Wednesday 29 May 2019 3:27 pm

Gourmet Burger Kitchen sales begin to recover after £4.6bn loss

Follow Francesca Ricciardi
Gourmet Burger Kitchen (GBK) has posted a partial recovery in sales since it suffered a record £4.6bn loss last year, when it got the green light for a string of restaurant closures.

Read more: Creditors give green light to Gourmet Burger Kitchen closures

The restaurant chain’s like-for-like sales fell 9.7 per cent in the first six months of last year, but were later subject to a 1.4 per cent boost in the following six-month period to the end of February.

However, sales have since gone up by 8.1 per cent in the first 12 weeks of the new financial year, the South African restaurant chain’s owner, Famous Brands, has now revealed.

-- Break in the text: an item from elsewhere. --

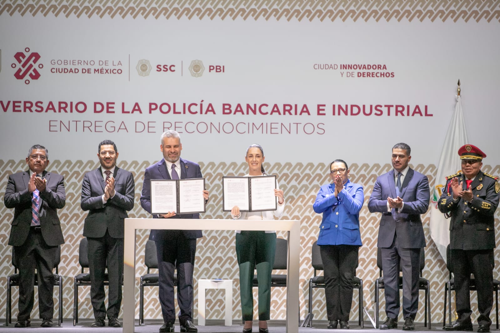 “Fíjense que importante es el trabajo que desempeña la Policía Bancaria Industrial, que hoy firmamos un convenio con Michoacán porque el gobernador quiere que sea la Policía Bancaria Industrial quien capacite a la Policía Auxiliar de Michoacán, esa es la labor que ustedes desempeñan, son ejemplo, no solamente para la ciudad sino para todo el país, por eso hoy quiero agradecerles la labor que desempeñan todos los días”, destacó la Jefa de Gobierno, Claudia Sheinbaum Pardo.
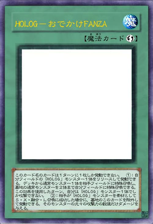 | このカード名のカードは1ターンに1枚しか発動できない。 ①:自分フィールドの「HOLOG」モンスター1体をリリースして発動できる。デッキから通常モンスター1体を相手フィールドに特殊召喚し、墓地の通常モンスターを2体まで自分フィールドに特殊召喚できる。この効果を使用したターン、自分は「HOLOG」モンスター1体でしか攻撃できない。 ②:相手が「HOLOG」モンスターを素材としてS・X・融合・L召喚に成功した場合に、墓地のこのカードを除外して発動できる。そのモンスターの元々の攻撃力の数値だけダメージを与える。 | |||

The boost in sales comes after the closure of 24 of GBK’s UK stores in 2018, following a casual dining crisis that forced several restaurant chains to shut some of their stores.

Jamie Oliver’s restaurant business was forced into administration last week, citing similarly challenging trading conditions.

Store closures brought the number of GBK restaurants in the UK from 106 to 80 over the period, a loss of 24 UK sites.

A more focused and innovated menu design together with growing online sales through a multi-vendor delivery platform are among the factors that have contributed to the recent sales uplift, Famous Brands said.

Famous Brands also noted the importance of a strategic refurbishment investment as well as a high street storefront facelift programme, spiking a growth in the customers’ turnout.

The restaurant chain also attributed the sale recovery to the implementation of a functionality known as ‘order and pay-at-a-table' in all of its restaurants in addition to the already existing at-counter traditional payment system.


Read more: Prezzo, Wagamama and GBK bring mobile payments to the high street

The introduction has contributed to the delivery of encouraging uptake rates, improving customer experience, while even increasing table turns and the amount of money spent per customer.